Cell proliferation and metabolization in the scaffolds were measured by MTT assays. MTT is a tetrazole that is metabolized and reduced to purple formazan in live cells. Assays were carried out in 12-well plates, and 40 μL of MTT (Invitrogen) solution in PBS (5 mg/mL) was added to each well and incubated at 37 °C for 4 h. Then culture media were withdrawn and 1 mL isopropanol was added to each well to completely dissolve formazan crystals throughout the scaffolds. Optical density was measured at 560 nm using a spectrophotometer (Infinite 200, TECAN, Männedorf, Switzerland). All final data were normalized to the dry weight of each scaffold.

Cell viability was investigated using LIVE/DEAD® staining kit (Invitrogen) according to the manufacturer’s instruction. Briefly, cells were incubated in PBS containing 2 μM calcein AM and 4 μM ethidium homodimer at 37 °C for 30 min, rinsed with PBS once, and then observed with a fluorescence microscope (Olympus).

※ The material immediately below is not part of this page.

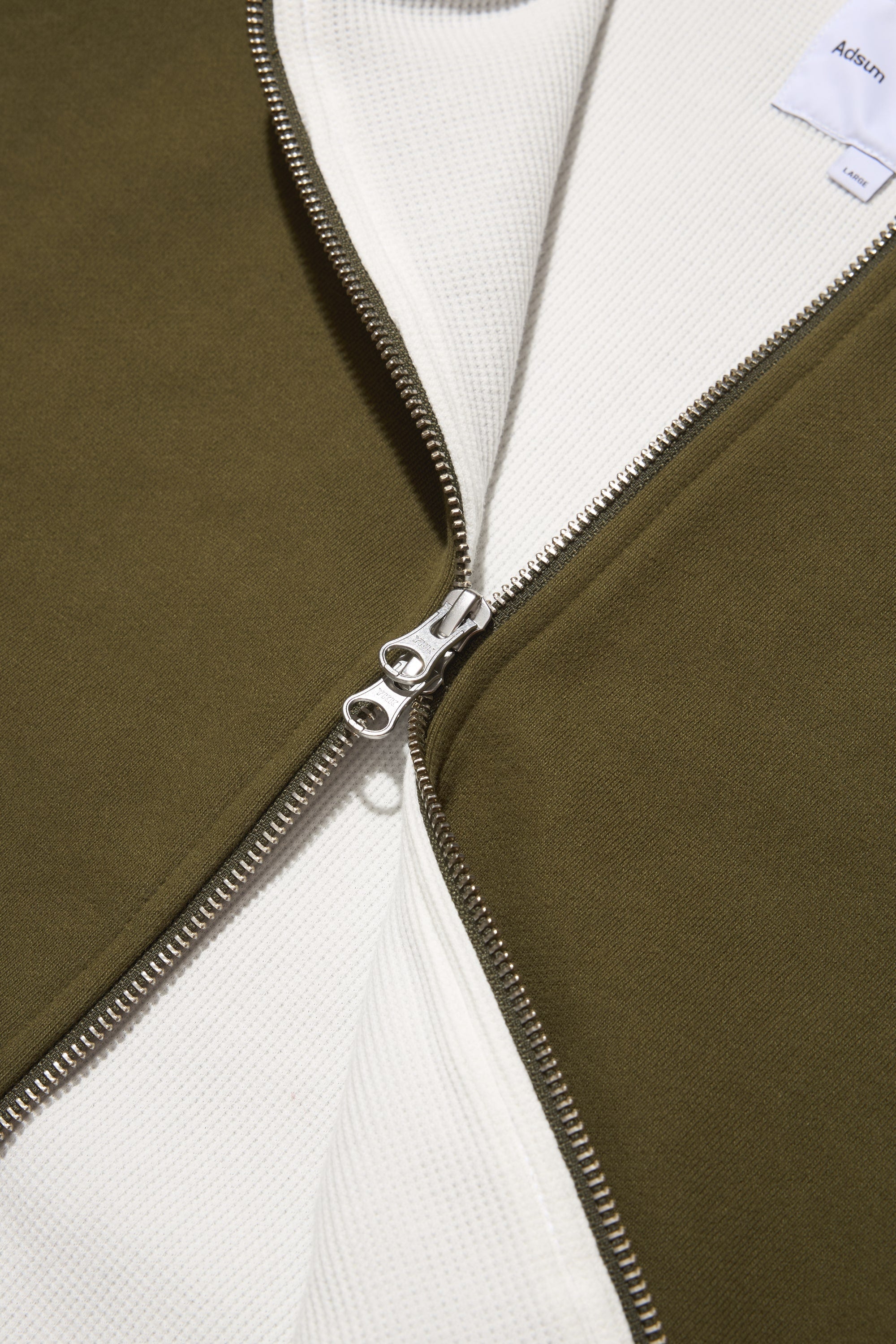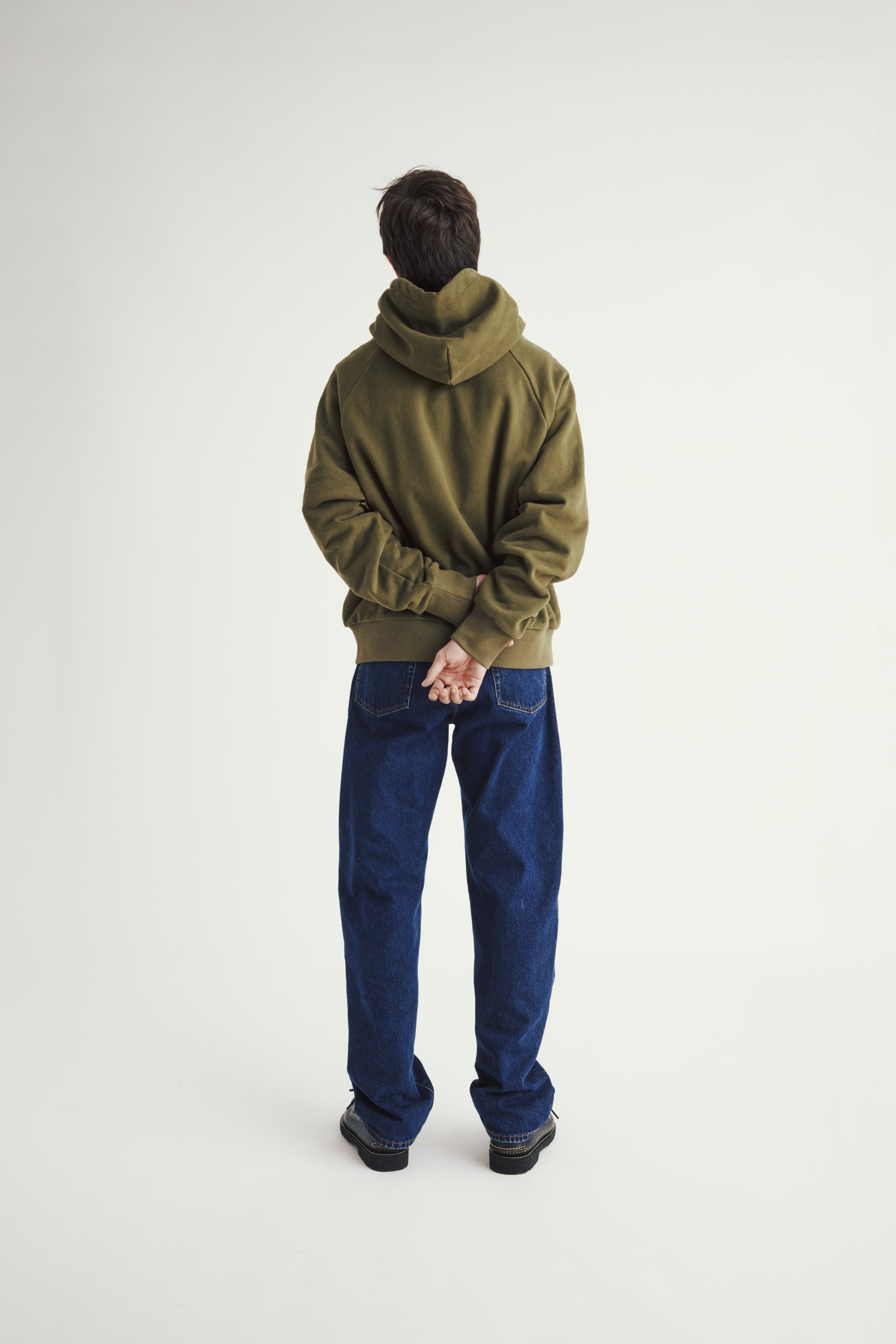 We finish the piece with a classic high-shine YKK metal double zip — a detail chosen for longevity and a clean, elevated look. The exterior fleece is peached on the face side, creating a uniquely soft handfeel that contrasts with its super-heavyweight build. The result is a hoodie that’s warm, durable, and comfortable from the first wear, and one that only gets better with time.

2.6. Scanning electron microscopy

Scanning electron microscopy (Nova NanoSEM 2300, FEI, Hillsboro, OR) was used to characterize both the PLGA inverse opal scaffolds and the morphologies of melanoma cells grown in the scaffolds. Prior to imaging, cells were fixed and samples were dehydrated through a graded ethanol series and sputter-coated with gold for 60 s. Images were taken at an accelerating voltage of 5 kV.

2.7. Statistics

Results were presented as mean ±standard error for each experimental group.

3. Results and Discussion

3.1. PLGA inverse opal scaffolds and melanoma cells culture in the scaffolds

By modifying our previous method, we fabricated inverse opal scaffolds with cubic close-packed lattices of gelatin microspheres as templates [8, 25]. Figure 2, A and B, show SEM images of a typical lattice of gelatin microspheres and the corresponding inverse opal scaffold of PLGA, respectively. From the SEM images in the insets, it is clear that the inverse opal scaffold had a uniform and well-arranged pore structure. This feature is important for a 3D scaffold, in that it can provide good interconnections throughout the whole scaffold to facilitate cell migration and nutrient/waste transport. Figure 3 shows the morphology of melanoma cells inside scaffolds. Under an optical microscope (Fig. 3A), the cells were optically opaque and this gives strong PA signals. From SEM images, the cells, as marked by the arrows, had a typical size of 20–100 μm when they fully stretch (Fig. 3B) or form cell clusters (Fig. 3C).

Fig. 2.

Fig. 2

SEM images of A) a free-standing, opaline lattice of gelatin microsphere and B) a PLGA inverse opal scaffold. The insets show magnified views of the samples (scale bars: 100 μm).

Fig. 3.

Fig. 3

A) Optical and B, C) SEM images of a PLGA inverse opal scaffold seeded with melanoma cells acquired at 14 days post-seeding. The images in (B) and (C) show scattered cells and a cluster of cells (indicated by arrows), respectively, inside the pores.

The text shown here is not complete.